Integration of Detection and Degradation Modules
We would like to integrate the TetX module with the biosensor module, enabling TetX expression to be induced by the presence of tetracycline. This would create a more sophisticated system of conditional TetX expression when needed by our cells.
Minimizing Leaky Expression in Biosensors
A common issue is that reporter genes may exhibit leaky expression due to culturing conditions, such as prolonged incubation. In the tetracycline biosensor, mild leaky expression is observed, so further modifications for tighter control are needed.
Single-Cell Integration
We are interested in determining if the detection and degradation of tetracycline can be integrated into a single cell.
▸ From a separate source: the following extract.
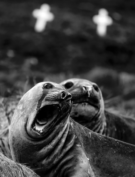 Around subantarctic South Georgia island, wildlife is reclaiming the old whaling and sealing stations - industrial-era sites that harvested elephant and fur seals, whales and even penguins to render their bodies into oil. At Ocean Harbour, these female elephant seals were living their best lives right next to a modest cemetery where men who once hunted their kind are now at rest. (side note, elephant seals are very much in touch with their feelings, but it's worth noting that their lacrimal gland produces tears to lubricate and protect their eyes, giving them the appearance of crying.). I know it's always more pleasing for images to include things in threes, but for this piece I thought doing pairs created more tension.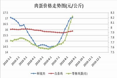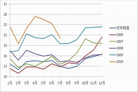 另外,从图7、8也可以看出,6月以来,中国畜产品价格持续上扬,其中猪肉和鸡蛋的表现尤为突出,鸡肉价格则是碎步上扬,受价格回升影响,养殖业利润明显好转,猪粮比已经回到6以上,鸡、蛋料比亦稳步扬,要好于09年的水准。预计2010年下半年,鸡蛋的产量将会高于上半年,且增速亦会增加;鸡肉的产量亦会稳步增加,增速略与上半年持平;猪肉产量也会稳步增加,由于去年下半年猪存栏较大,使得今年上半年猪肉产量较大,考虑到目前中国的生猪存栏同样突出,预计下半年猪肉产量会继续增长,但增速要小于上半年。整体上,全年养殖业将会稳步增加,保守估计猪肉产量会达到5000万吨,鸡肉1400万吨,禽蛋2750万吨,对玉米的需求可能同比会增加272万吨左右。

Alginate Bead Integration for Real-World Applications
As our hardware team developed a machine to automate the process of making cells into beads, we needed time to test compatibility and determine if detection and degradation efficiency are maintained in the alginate beads.
Ensuring Safety Measures
Safety is critical to our project. We need to implement measures such as kill switches or containment mechanisms when working with engineered organisms. Additionally, exploring cell-free expression systems could help mitigate concerns regarding the use of genetically modified organisms.
Therefore, we are beginning a new round of the engineering cycle to address these important points. By combining our biological system with the device, we aim to improve our product's functionality, applicability, and safety. It is crucial for us to thoroughly investigate every aspect to ensure that our system meets the necessary standards and regulations for real-world implementation.